Рис. 5.29. Упражнения с гимнастическими предметами и на снарядах:
а — упражнения с сопротивлением (с использованием блоков); б — упражнения с отягощением; в — тыльное сгибание стопы (с использованием резинового амортизатора); г — активные движения в голеностопном суставе (с использованием специальной качалки); д — упражнения у гимнастической стенки.
При выраженных деформациях суставов основной задачей ЛГ является не столько увеличение подвижности пораженных суставов, сколько ее сохранение в еще не пораженных суставах. На этой стадии патологического процесса важно развитие компенсаторных движений.
ЛГ (в данном случае ее в полной мере можно назвать суставной) занимает основное место среди других средств физической реабилитации. В занятиях ЛГ используют активные движения, детально прорабатывающие каждый сустав, и сочетание дыхательных и специальных упражнений. Занятия дополняются упражнениями с гимнастическими предметами и в водной среде.
При артрозах рекомендуется включать в комплексное лечение методику сенсорной активации (V.Janda), основными принципами которой являются:
• Активация проприоцепторов различного назначения и локализации в нарастающей последовательности.
• Активация экстероцепторов стоп.
• Активация дистантных рецепторов (зрения) и взаимодействия их с про- и экстрацепцией.
• Нарастающая сложность афферентной нагрузки для исполнения.
Активация проприоцепции достигается в и.п. больного сидя, дополненное так называемой короткой стопой, согнутой в коленном суставе пораженной ноги с отведением ее кнаружи, спина опирается на спинку стула. Короткая стопа формируется сокращением подошвенных мышц, сближающих передний и задний отделы стопы, а также подошвенных мышц-сгибателей пальцев. Таким образом стимулируются афферентные потоки со стопы, икроножных мышц, крупных суставов пораженной конечности, мышц туловища (особенно паравертебральных).
Активация экстрацепции стоп достигается выполнением физических упражнений босиком (на коврике с грубым ворсом).
Активация дистантных рецепторов включает использование различных гимнастических предметов и снарядов, применяющихся для возрастания нагрузки и воздействий на стопу (например, полукруглая или полусферная доска, подвижный круг, батут и др.). Данные упражнения предполагают активацию проприоцептивного, вестибулярного и зрительного анализаторов.

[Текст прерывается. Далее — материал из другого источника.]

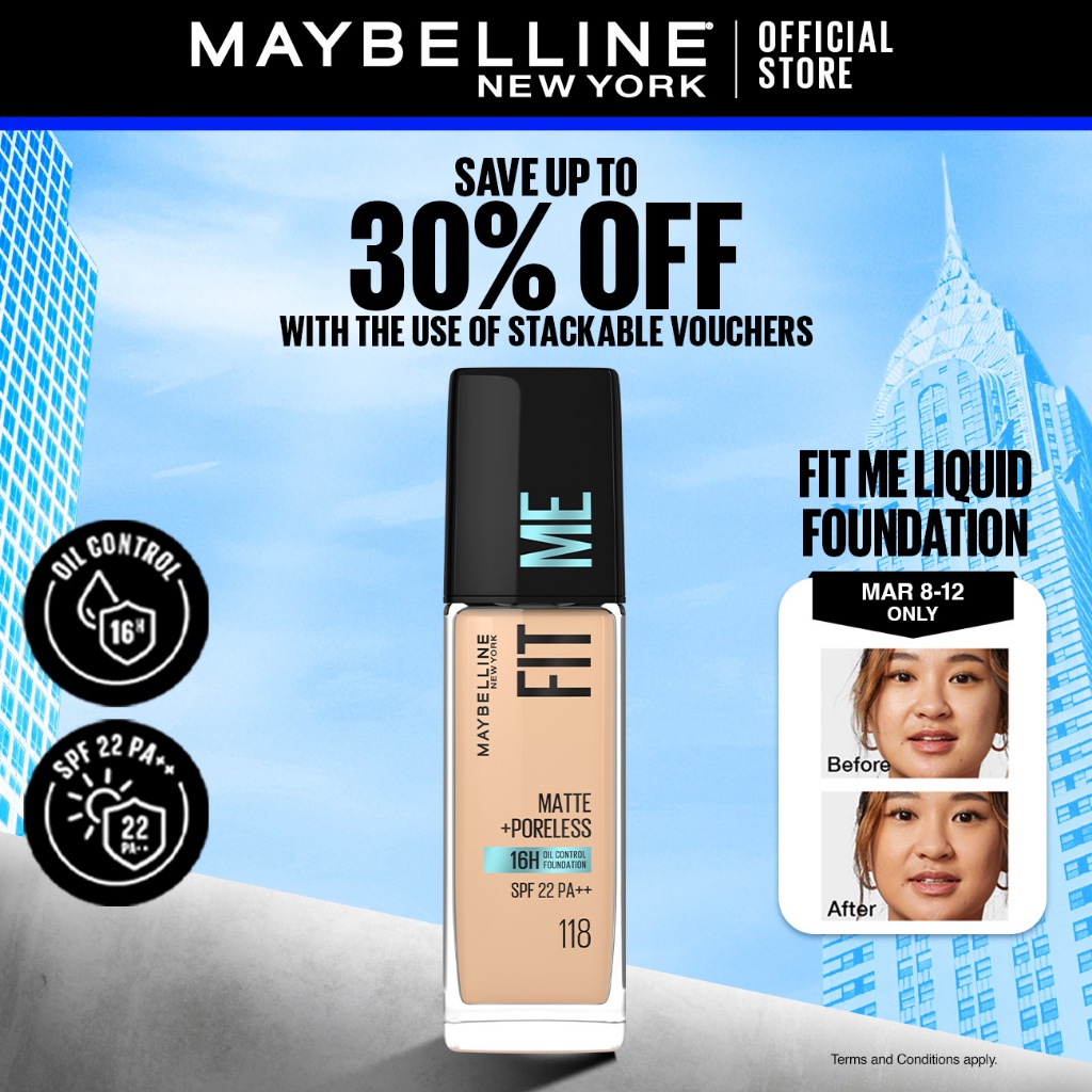 Maybelline Fit Me Foundation 16HR Long-Lasting, Oil Control, Natural Coverage, Matte, SPF22 PA+++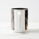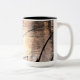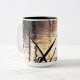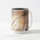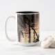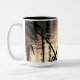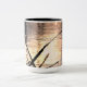 This mug features a striking impressionistic design. It's sunset at the pond. Cattails in the foreground are silhouetted by lovely shimmering water which is reflecting the pink, yellow, salmon, orange and gold of the evening sky. The incredible reflections almost look like they are painted on glass.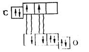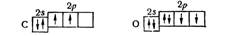 Як показує ця схема, одна з орбіталей зовнішнього електронного шару атома карбону лишається незайнятою електронами. Отже цей атом може бути акцептором електронної пари. Атом же кисню зберігає на одній з р-орбіталей неподілену електронну пару і, отже, має електроноподібні властивості. В результаті утворюється ще один ковалентний зв'язок — донорноакцепторний: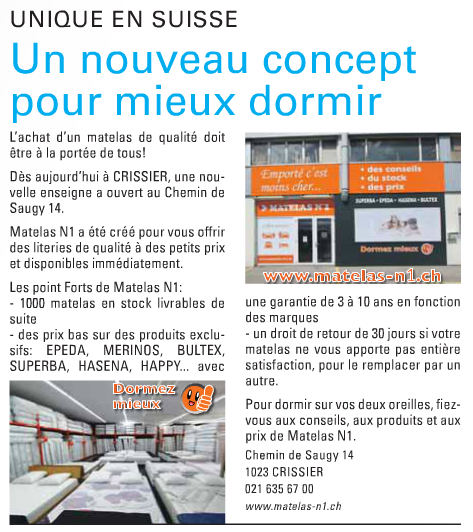 Article de presse Lausanne Cité Matelas Numéro 1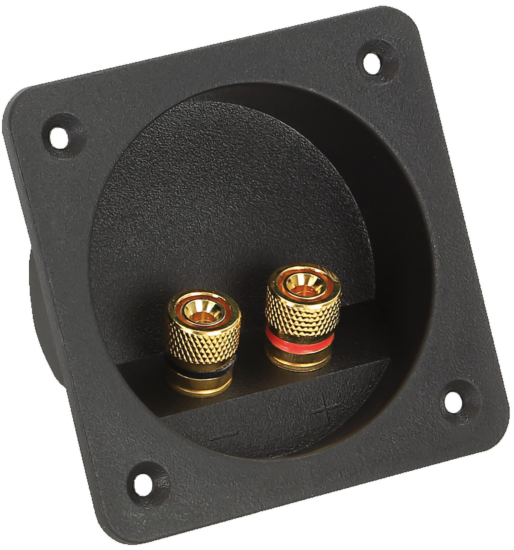 Högtalarterminal, 2 kontakter, fyrkantig 76 x 76 mm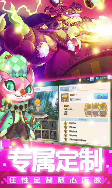 3、萌系战斗体验:Q版角色造型可爱又不失霸气,觉醒转职系统带来全新技能,炫酷连招特效让PK对战更加爽快

Примерные упражнения (цит. по Г.А.Иваничеву, 1998):
1. Моделирование короткой стопы достигается обучением сокращению подошвенных мышц, уменьшающих продольный и поперечный размеры стопы, что сопровождается увеличением сводов. Увеличение свода стопы, естественно, происходит при активации мышц-разгибателей голени.
Внимание! Основное условие для формирования короткой стопы — сохранение ее на всем протяжении занятий ЛГ.
В этом положении выполняются упражнения по удержанию в равновесии тела при опоре на носки стопы (туловище при этом подается вперед), на пятки (туловище несколько отклоняется назад), а также при подталкивании пациента в различных направлениях руками врача (методиста). Более усложненное упражнение — удержание туловища на одной ноге (при короткой стопе), при этом возможно подталкивание пациента в различных направлениях.